*** PROVIDED DATA

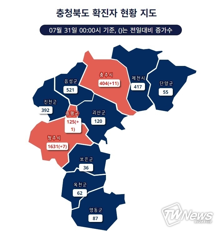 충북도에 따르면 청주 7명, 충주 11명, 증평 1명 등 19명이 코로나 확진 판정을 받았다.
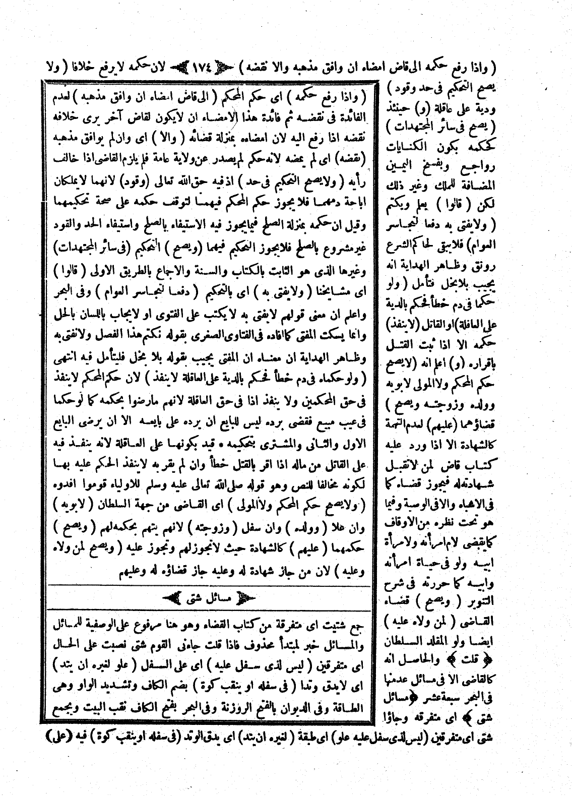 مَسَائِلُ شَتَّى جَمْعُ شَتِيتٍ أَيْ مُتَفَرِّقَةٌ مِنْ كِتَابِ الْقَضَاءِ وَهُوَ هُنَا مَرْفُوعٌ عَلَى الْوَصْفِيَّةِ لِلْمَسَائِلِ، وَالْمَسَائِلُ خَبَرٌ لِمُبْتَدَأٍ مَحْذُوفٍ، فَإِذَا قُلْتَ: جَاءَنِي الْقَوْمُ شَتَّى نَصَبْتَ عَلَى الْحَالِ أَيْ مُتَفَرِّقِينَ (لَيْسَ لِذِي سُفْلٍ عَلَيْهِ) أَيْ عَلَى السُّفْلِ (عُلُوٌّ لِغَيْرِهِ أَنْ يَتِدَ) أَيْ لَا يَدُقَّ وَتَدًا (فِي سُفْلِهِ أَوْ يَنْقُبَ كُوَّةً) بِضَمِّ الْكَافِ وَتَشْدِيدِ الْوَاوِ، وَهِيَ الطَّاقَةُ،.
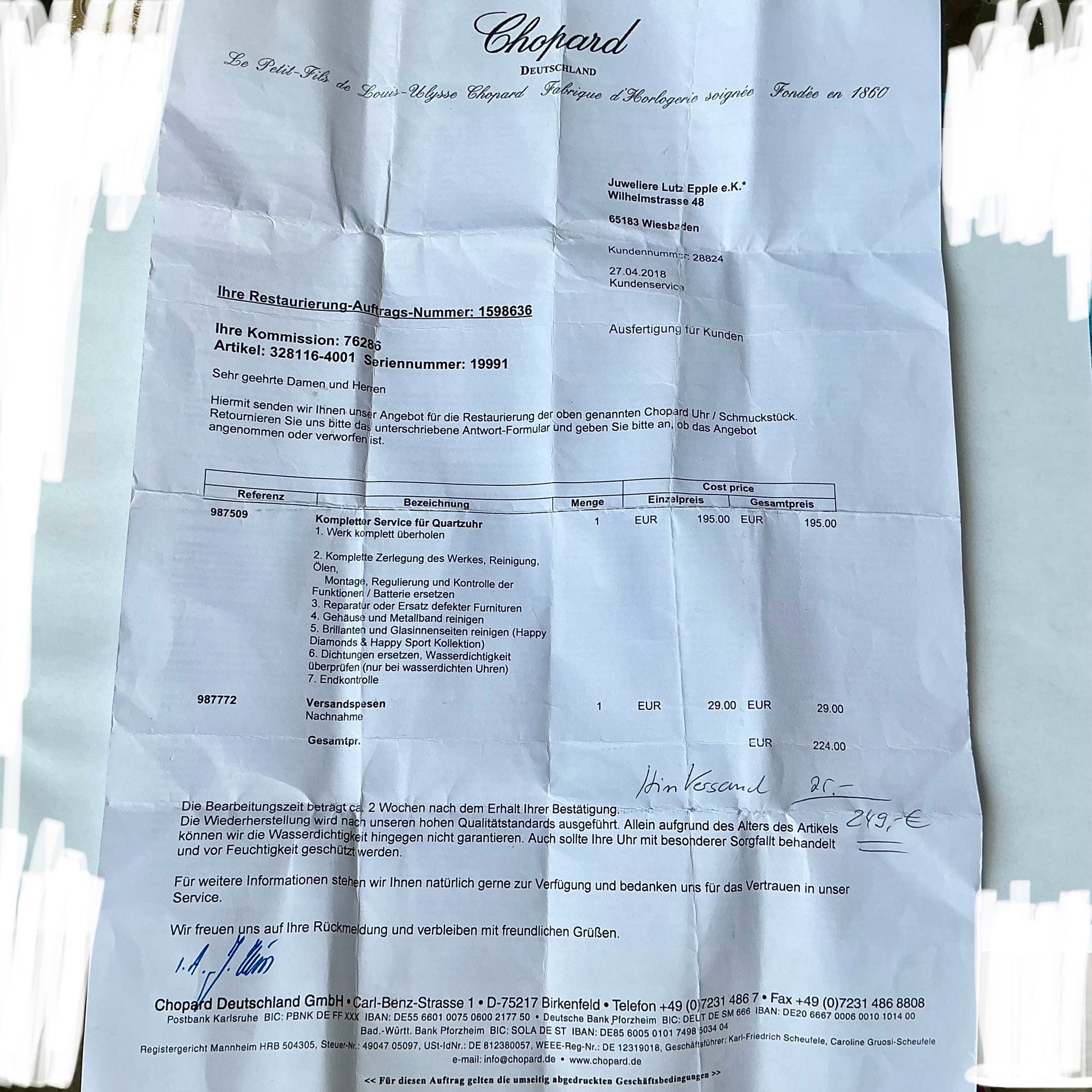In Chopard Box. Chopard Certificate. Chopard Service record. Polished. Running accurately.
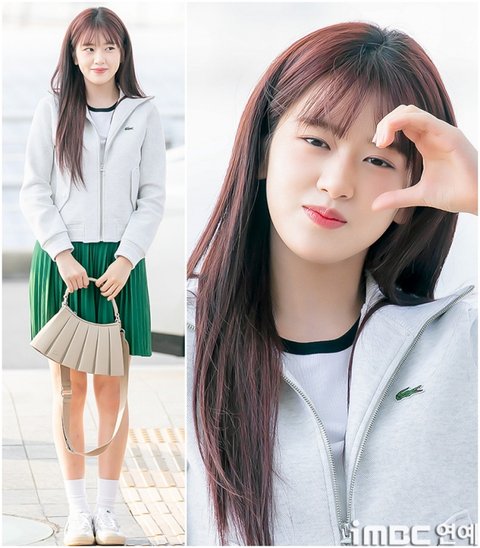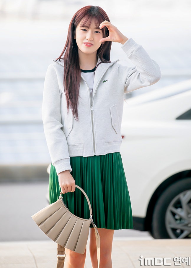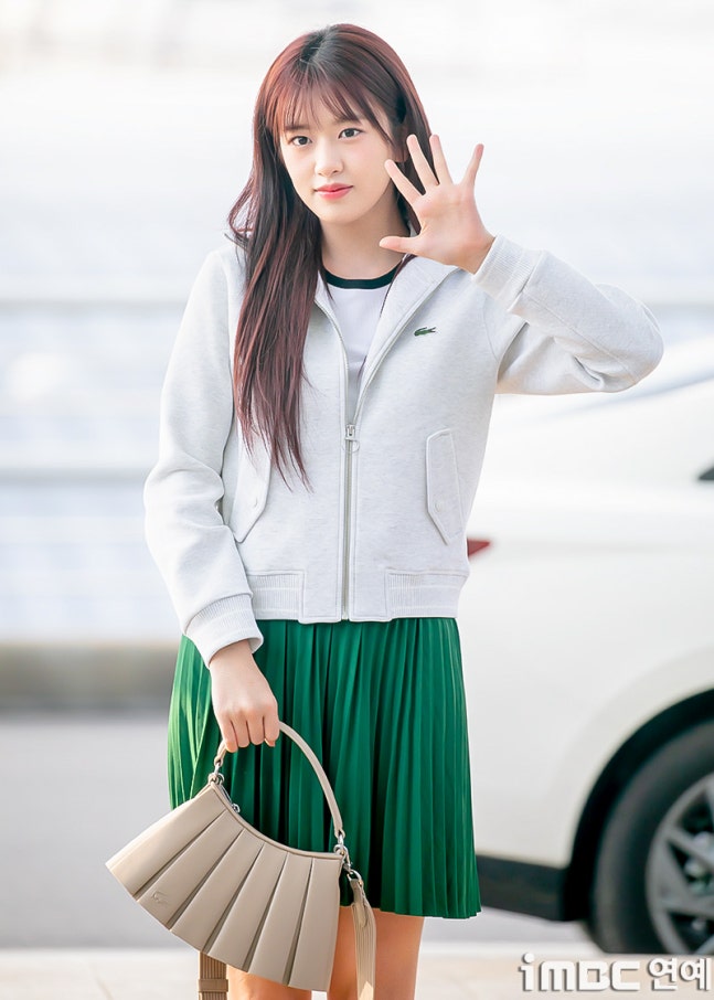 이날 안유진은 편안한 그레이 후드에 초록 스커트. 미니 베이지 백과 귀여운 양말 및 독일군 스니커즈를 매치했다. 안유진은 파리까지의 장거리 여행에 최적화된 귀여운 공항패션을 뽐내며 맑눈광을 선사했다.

******

• _REQUIRED ACTION_:
Every line above should be output exactly, except for the pictures.

• _REPLY_:
 충북도에 따르면 청주 7명, 충주 11명, 증평 1명 등 19명이 코로나 확진 판정을 받았다.
 مَسَائِلُ شَتَّى جَمْعُ شَتِيتٍ أَيْ مُتَفَرِّقَةٌ مِنْ كِتَابِ الْقَضَاءِ وَهُوَ هُنَا مَرْفُوعٌ عَلَى الْوَصْفِيَّةِ لِلْمَسَائِلِ، وَالْمَسَائِلُ خَبَرٌ لِمُبْتَدَأٍ مَحْذُوفٍ، فَإِذَا قُلْتَ: جَاءَنِي الْقَوْمُ شَتَّى نَصَبْتَ عَلَى الْحَالِ أَيْ مُتَفَرِّقِينَ (لَيْسَ لِذِي سُفْلٍ عَلَيْهِ) أَيْ عَلَى السُّفْلِ (عُلُوٌّ لِغَيْرِهِ أَنْ يَتِدَ) أَيْ لَا يَدُقَّ وَتَدًا (فِي سُفْلِهِ أَوْ يَنْقُبَ كُوَّةً) بِضَمِّ الْكَافِ وَتَشْدِيدِ الْوَاوِ، وَهِيَ الطَّاقَةُ،.
In Chopard Box. Chopard Certificate. Chopard Service record. Polished. Running accurately.
 이날 안유진은 편안한 그레이 후드에 초록 스커트. 미니 베이지 백과 귀여운 양말 및 독일군 스니커즈를 매치했다. 안유진은 파리까지의 장거리 여행에 최적화된 귀여운 공항패션을 뽐내며 맑눈광을 선사했다.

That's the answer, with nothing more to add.